Input data
-=-=-=-=-

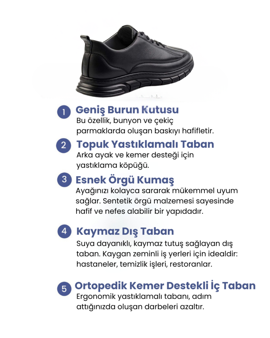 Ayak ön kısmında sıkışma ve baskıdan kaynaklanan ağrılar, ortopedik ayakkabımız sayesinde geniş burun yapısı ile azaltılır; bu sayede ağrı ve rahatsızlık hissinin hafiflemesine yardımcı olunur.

-=-=-=-=-

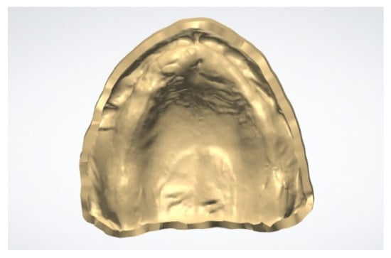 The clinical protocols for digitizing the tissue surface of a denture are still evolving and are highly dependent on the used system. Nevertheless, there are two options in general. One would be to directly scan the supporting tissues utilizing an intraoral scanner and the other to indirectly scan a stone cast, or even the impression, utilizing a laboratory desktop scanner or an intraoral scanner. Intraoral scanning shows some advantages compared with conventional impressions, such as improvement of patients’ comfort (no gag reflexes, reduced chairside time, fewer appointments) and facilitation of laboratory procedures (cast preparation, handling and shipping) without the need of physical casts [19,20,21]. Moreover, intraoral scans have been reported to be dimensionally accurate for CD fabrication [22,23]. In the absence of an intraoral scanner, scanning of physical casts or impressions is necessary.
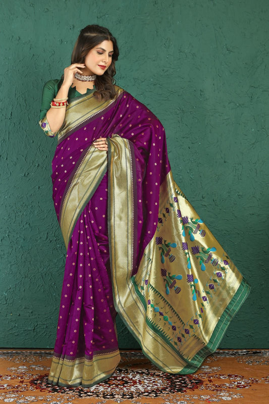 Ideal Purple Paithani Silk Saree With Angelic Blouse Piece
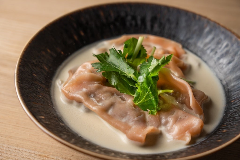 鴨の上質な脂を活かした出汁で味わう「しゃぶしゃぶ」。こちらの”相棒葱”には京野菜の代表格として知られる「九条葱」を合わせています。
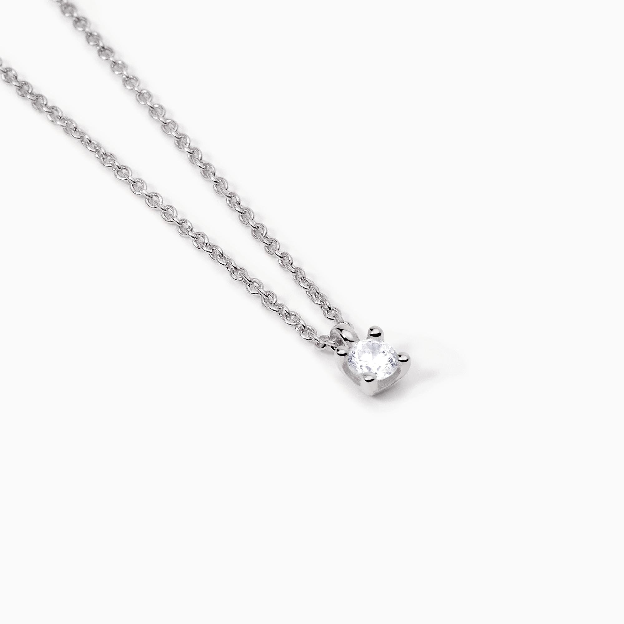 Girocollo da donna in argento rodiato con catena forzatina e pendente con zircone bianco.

-=-=-=-=-

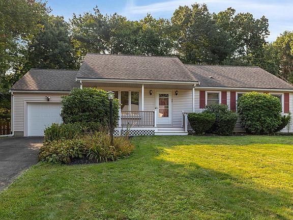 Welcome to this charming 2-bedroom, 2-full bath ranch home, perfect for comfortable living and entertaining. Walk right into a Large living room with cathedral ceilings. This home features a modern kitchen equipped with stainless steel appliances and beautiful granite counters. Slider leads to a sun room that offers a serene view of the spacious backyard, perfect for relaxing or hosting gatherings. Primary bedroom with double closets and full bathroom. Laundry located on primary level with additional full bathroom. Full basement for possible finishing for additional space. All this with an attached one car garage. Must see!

-=-=-=-=-

Would you output only the span of the records above that opens with the line containing "The clinical protocols" and closes with the line containing "Girocollo da donna", ends included and pictures dropped?

 The clinical protocols for digitizing the tissue surface of a denture are still evolving and are highly dependent on the used system. Nevertheless, there are two options in general. One would be to directly scan the supporting tissues utilizing an intraoral scanner and the other to indirectly scan a stone cast, or even the impression, utilizing a laboratory desktop scanner or an intraoral scanner. Intraoral scanning shows some advantages compared with conventional impressions, such as improvement of patients’ comfort (no gag reflexes, reduced chairside time, fewer appointments) and facilitation of laboratory procedures (cast preparation, handling and shipping) without the need of physical casts [19,20,21]. Moreover, intraoral scans have been reported to be dimensionally accurate for CD fabrication [22,23]. In the absence of an intraoral scanner, scanning of physical casts or impressions is necessary.
 Ideal Purple Paithani Silk Saree With Angelic Blouse Piece
 鴨の上質な脂を活かした出汁で味わう「しゃぶしゃぶ」。こちらの”相棒葱”には京野菜の代表格として知られる「九条葱」を合わせています。
 Girocollo da donna in argento rodiato con catena forzatina e pendente con zircone bianco.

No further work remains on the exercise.